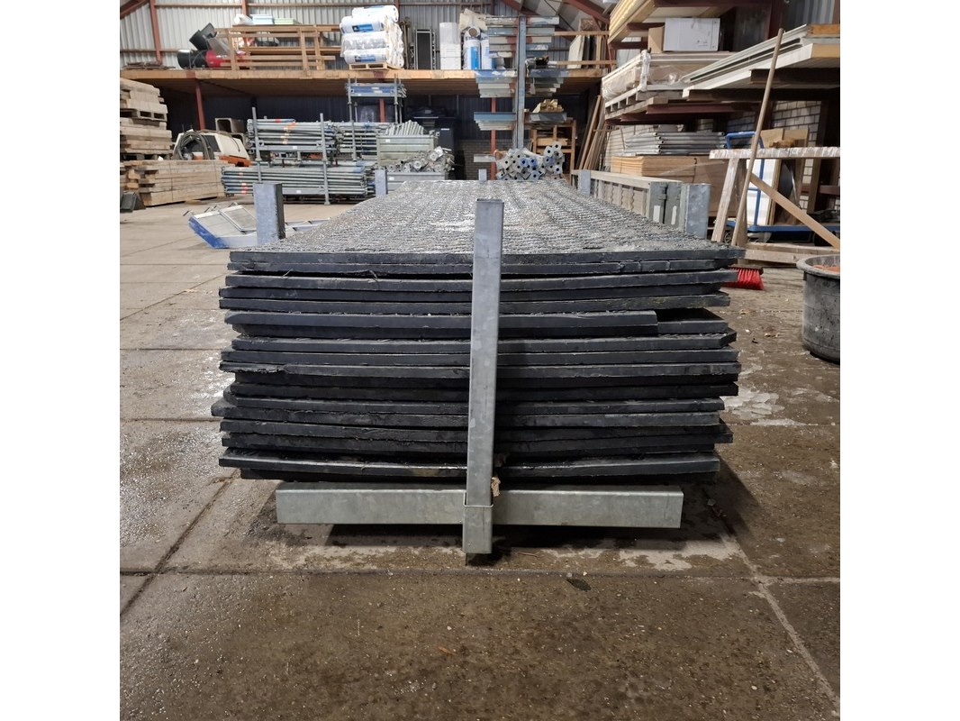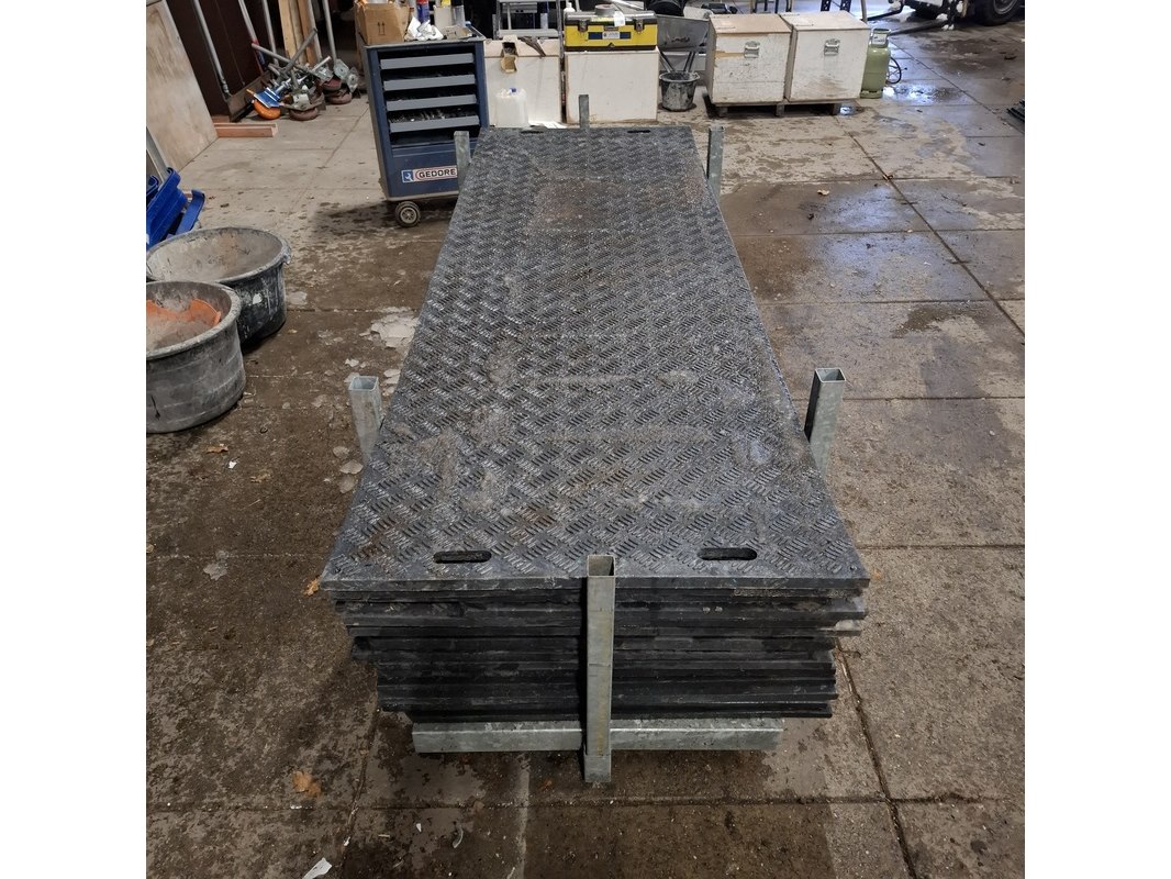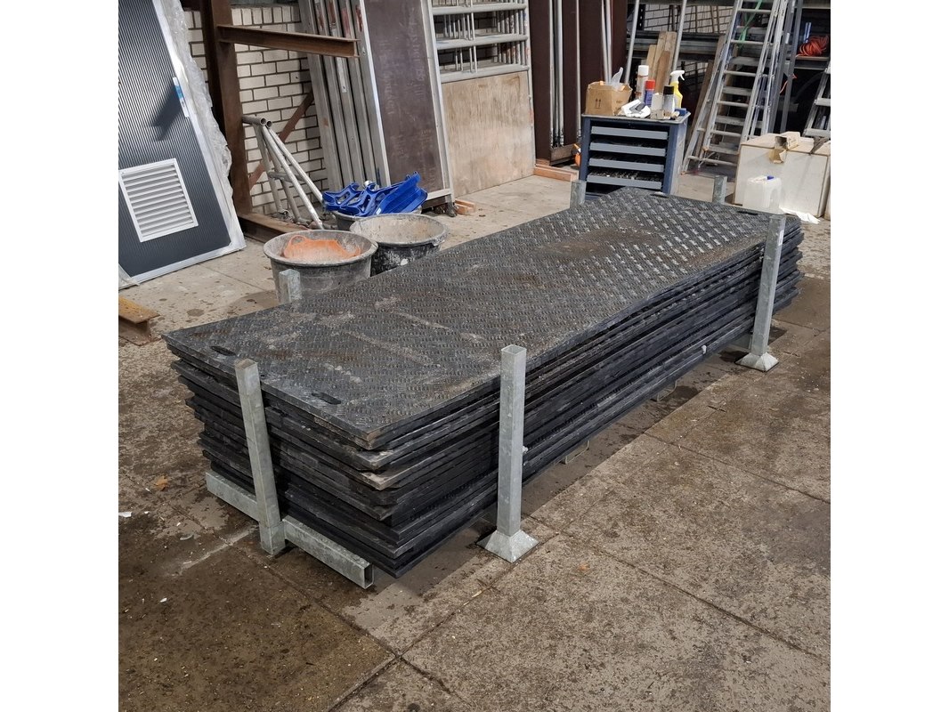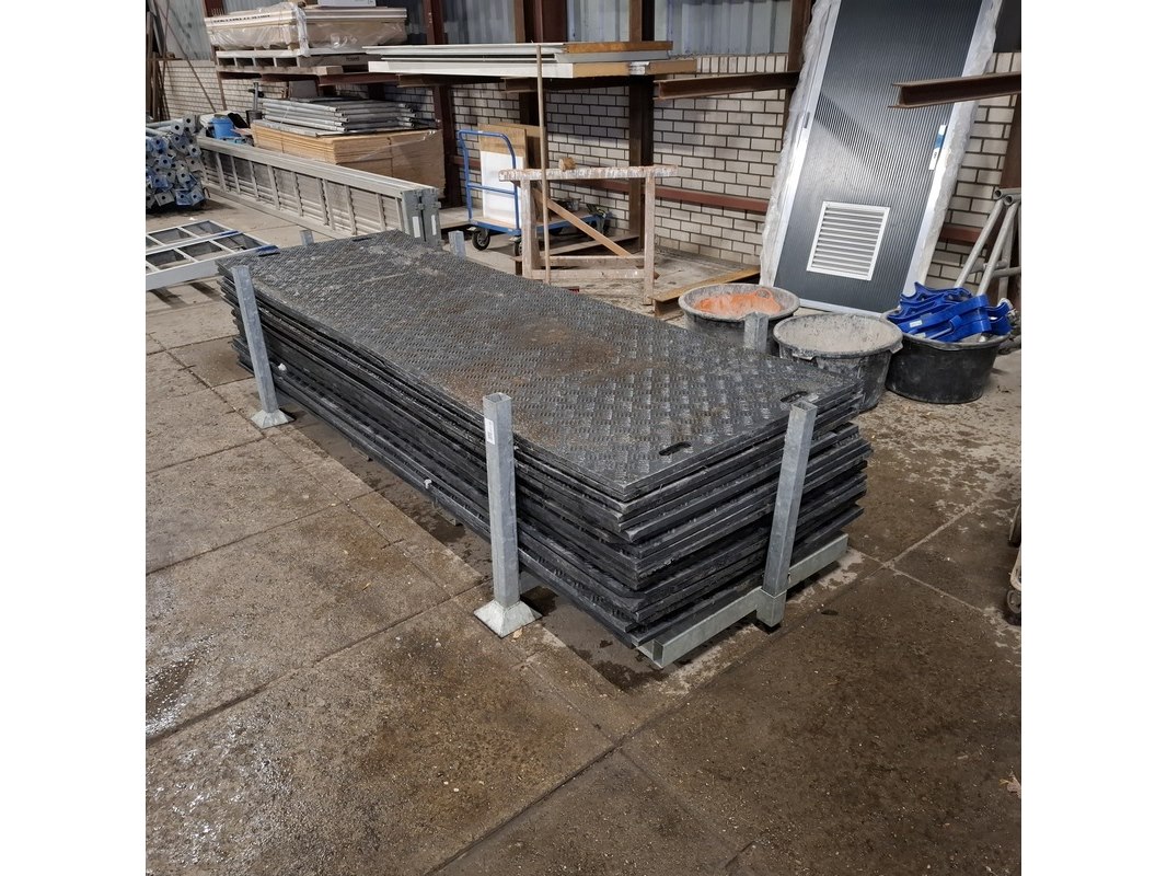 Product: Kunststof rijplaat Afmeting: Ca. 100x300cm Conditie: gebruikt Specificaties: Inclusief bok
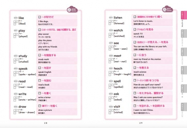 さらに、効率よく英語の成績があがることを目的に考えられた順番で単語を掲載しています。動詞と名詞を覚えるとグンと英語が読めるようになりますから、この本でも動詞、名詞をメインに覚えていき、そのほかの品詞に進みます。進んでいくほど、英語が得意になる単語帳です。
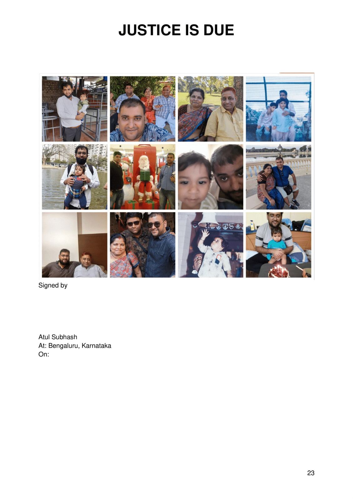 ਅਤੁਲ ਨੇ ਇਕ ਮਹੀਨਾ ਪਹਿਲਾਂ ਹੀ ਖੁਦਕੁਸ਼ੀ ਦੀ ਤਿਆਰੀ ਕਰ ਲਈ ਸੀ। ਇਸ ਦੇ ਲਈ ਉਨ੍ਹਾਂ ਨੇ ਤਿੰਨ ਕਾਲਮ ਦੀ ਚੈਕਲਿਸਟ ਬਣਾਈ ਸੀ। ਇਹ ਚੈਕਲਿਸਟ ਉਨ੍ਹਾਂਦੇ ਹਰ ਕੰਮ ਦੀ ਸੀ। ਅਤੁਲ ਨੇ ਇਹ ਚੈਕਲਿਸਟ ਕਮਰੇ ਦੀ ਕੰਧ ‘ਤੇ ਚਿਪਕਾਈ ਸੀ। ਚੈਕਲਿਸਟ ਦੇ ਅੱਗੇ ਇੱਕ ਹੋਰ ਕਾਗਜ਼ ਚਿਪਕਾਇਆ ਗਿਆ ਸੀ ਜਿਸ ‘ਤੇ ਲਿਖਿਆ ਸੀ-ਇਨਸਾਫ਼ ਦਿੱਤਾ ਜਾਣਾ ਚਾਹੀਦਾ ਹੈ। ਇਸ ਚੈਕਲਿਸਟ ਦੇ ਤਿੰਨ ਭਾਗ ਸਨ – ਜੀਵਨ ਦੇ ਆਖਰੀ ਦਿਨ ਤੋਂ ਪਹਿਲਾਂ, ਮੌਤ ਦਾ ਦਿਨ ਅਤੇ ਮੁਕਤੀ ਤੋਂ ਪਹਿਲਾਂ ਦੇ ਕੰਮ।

◇ ◇ ◇ ◇

** Task **
Return the data exactly. Do not carry over any images.

** Response for this exercise **
 Product: Kunststof rijplaat Afmeting: Ca. 100x300cm Conditie: gebruikt Specificaties: Inclusief bok
 さらに、効率よく英語の成績があがることを目的に考えられた順番で単語を掲載しています。動詞と名詞を覚えるとグンと英語が読めるようになりますから、この本でも動詞、名詞をメインに覚えていき、そのほかの品詞に進みます。進んでいくほど、英語が得意になる単語帳です。
 ਅਤੁਲ ਨੇ ਇਕ ਮਹੀਨਾ ਪਹਿਲਾਂ ਹੀ ਖੁਦਕੁਸ਼ੀ ਦੀ ਤਿਆਰੀ ਕਰ ਲਈ ਸੀ। ਇਸ ਦੇ ਲਈ ਉਨ੍ਹਾਂ ਨੇ ਤਿੰਨ ਕਾਲਮ ਦੀ ਚੈਕਲਿਸਟ ਬਣਾਈ ਸੀ। ਇਹ ਚੈਕਲਿਸਟ ਉਨ੍ਹਾਂਦੇ ਹਰ ਕੰਮ ਦੀ ਸੀ। ਅਤੁਲ ਨੇ ਇਹ ਚੈਕਲਿਸਟ ਕਮਰੇ ਦੀ ਕੰਧ ‘ਤੇ ਚਿਪਕਾਈ ਸੀ। ਚੈਕਲਿਸਟ ਦੇ ਅੱਗੇ ਇੱਕ ਹੋਰ ਕਾਗਜ਼ ਚਿਪਕਾਇਆ ਗਿਆ ਸੀ ਜਿਸ ‘ਤੇ ਲਿਖਿਆ ਸੀ-ਇਨਸਾਫ਼ ਦਿੱਤਾ ਜਾਣਾ ਚਾਹੀਦਾ ਹੈ। ਇਸ ਚੈਕਲਿਸਟ ਦੇ ਤਿੰਨ ਭਾਗ ਸਨ – ਜੀਵਨ ਦੇ ਆਖਰੀ ਦਿਨ ਤੋਂ ਪਹਿਲਾਂ, ਮੌਤ ਦਾ ਦਿਨ ਅਤੇ ਮੁਕਤੀ ਤੋਂ ਪਹਿਲਾਂ ਦੇ ਕੰਮ।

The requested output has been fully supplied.